• HSBC

We expect European markets to fall below the levels of July 24, 2002 (page 1 of 3)

  • Monday, September 16 - 2002 at 17:32

Despite September 11 out of the way we see no reasons for relief. This week's focus will be on the upcoming OPEC meeting and the political development in the Middle East.

US Markets

• Recommendation update

The Bank of New York Company, Inc. (BK, $32.57, CSFB recommendation: Outperform) is one of the gainer of volatility in the equity and fixed income markets. According to the street, the company should have several potential processing-asset management-related acquisitions in the pipeline, following a recent pattern of healthy acquisition related growth. Stock price may not experience the significant bounce back associated with the more capital markets-driven players, but could nevertheless gain from the company's earnings diversity and stable high growth business model. The company is involved in seven major types of processing businesses including depositary receipts, corporate trust, stock transfer, global custody, securities clearance, securities lending, and unit investment trusts. We stay with our hold recommendation due to current market volatility, but we remain positive in the long term.

Two weeks ago, in the Gabelli Aerospace Supplier conference in New York, the suppliers presented a gloomy outlook for commercial aerospace. Some of them do not expect a recovery until 2004. This would be critical for suppliers without exposure to military related business. While civil aftermarket is expected to be sharply lower for this year, suppliers see some stabilisation in sales, and some signs of a pick-up outside the U.S. The respite comes from the defence sector, where orders from the U.S. military continue to be strong.

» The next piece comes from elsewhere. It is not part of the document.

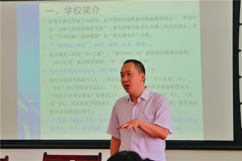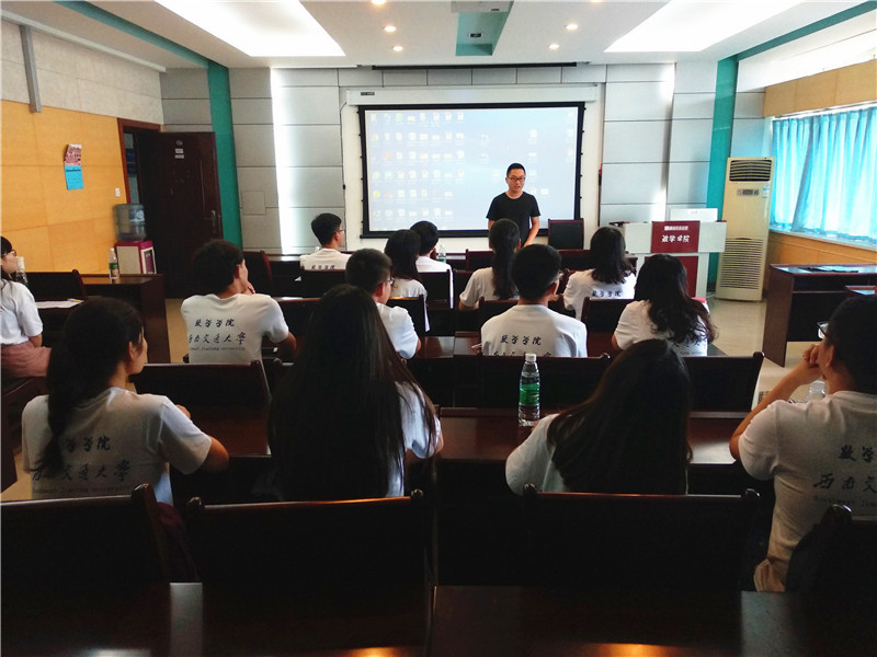 开营仪式后进行了学校和学院建设发展专题介绍。常务副院长杨晗介绍了数学院的教育概况,杨院长期望同学们积极利用参加夏令营的机会,开阔眼界,增长见识,充分了解西南交大丰富的科研资源,深刻感受数学院深厚的文化底蕴, 深入领悟数学在科技生活中的重要作用和无穷魅力。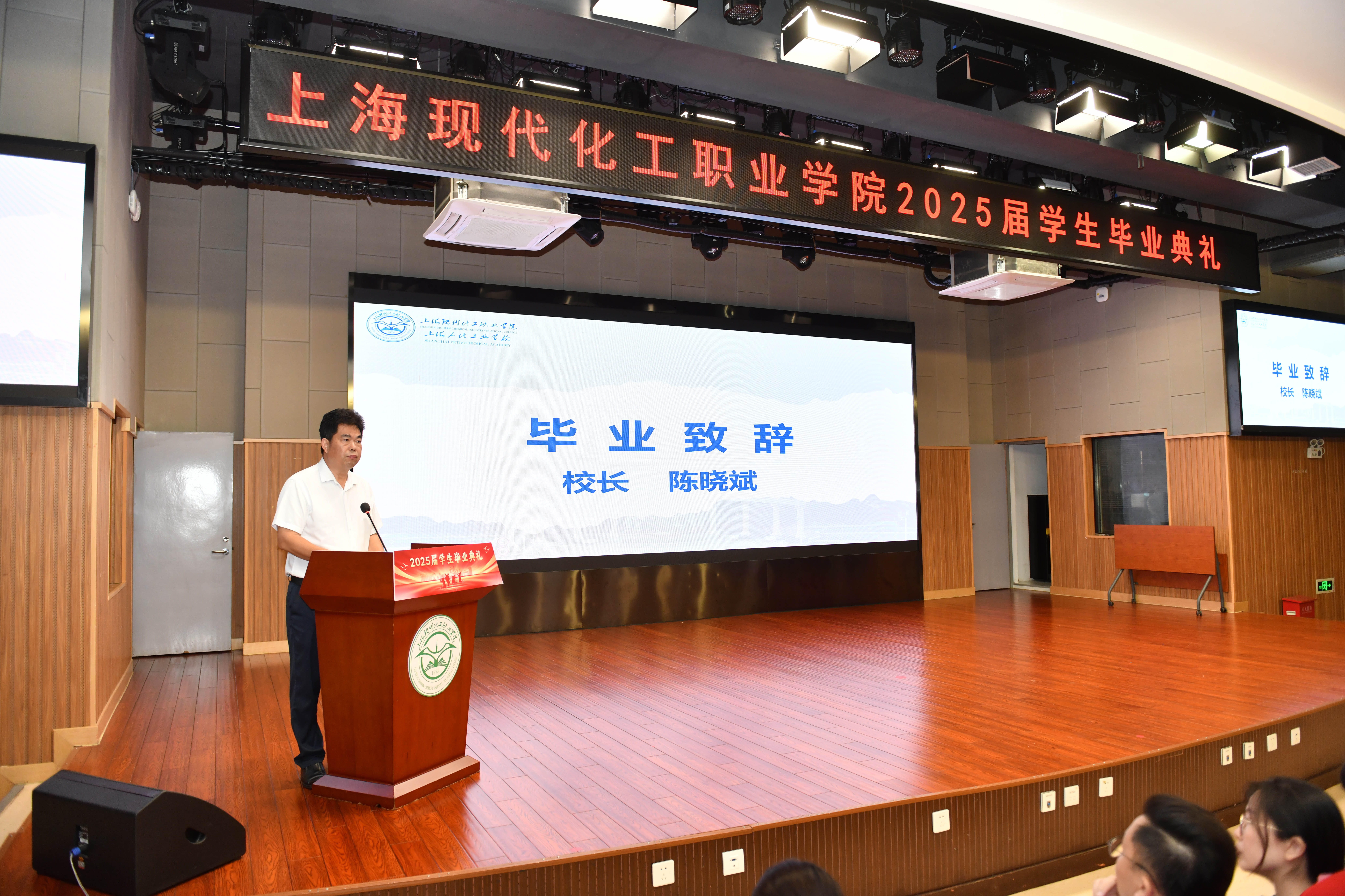 高炬代表学校向全体毕业生致以亲切的问候,向获得表彰奖励的优秀毕业生致以热烈的祝贺。他特别提到,本届毕业生是上海石化工业学校“最后一届”毕业生,这赋予了他们一份独特的历史印记。针对即将开启新篇章的毕业生,高炬提出三点殷切期望:首先,希望同学们能树立并坚定自己的理想信念,努力成为勇于担当、积极贡献社会的人;其次,希望同学们不忘初心,将报效祖国的情怀融入日常,做在平凡岗位上也能用心追梦、不懈奋斗的实干家;最后,希望同学们永远保持对知识的热情,做终身学习、不断进步的人。

Boeing Co. (BA, $35.58, CSFB recommendation: Outperform) narrowly avoided a strike. 62% of machinists rejected the contract from the company and 61% wanted a strike. Nevertheless, under the union's rules, the contract is accepted and the strike is rejected because the limit of 2/3 of the machinists was not reached. This would allow Boeing new job-flexibility rules, which would help the company manage its business in the current weak environment. We believe management would not wait long before cutting jobs due to continuing losses in airlines. We remain cautious for the coming months on the company. High U.S. defence expenses is currently supporting stock price, but it is difficult to say if they would remain as commercial aviation business remains weak. Hold

General Dynamics Corp. (GD, $83.02, CSFB recommendation: Neutral) announced recently the addition of three new aircraft to its business jet line. The new Gulfstream will fill in the gaps between its existing models, and the full line will include seven aircrafts that rage in price from $11.5-44.8 million. It would be able to offer business jets more suitable for its customers. Furthermore, with the new models, the company covers the complete spectrum of business jet market without increasing extremely its costs. The new jets are based on existing Gulfstream models and the company already received a $1.5 billion order for 50 new Gulfstream and an option for 50 more. The company won a $3.17 billion contract from the U.S. Navy to build destroyers. 48% of GD's business is related to the U.S. Army and its allies. In spite of a weak commercial aviation business, we remain positive on the company (target price $100) due to its exposure to military sector.

• The OPEC in the spotlight

On the 19th of September the OPEC will meet in Osaka to decide on their output quotas. So far several members have shown reluctance to increase the output, with the reason that they see the increase more as a result of the tension on Iraq, rather than from the demand side.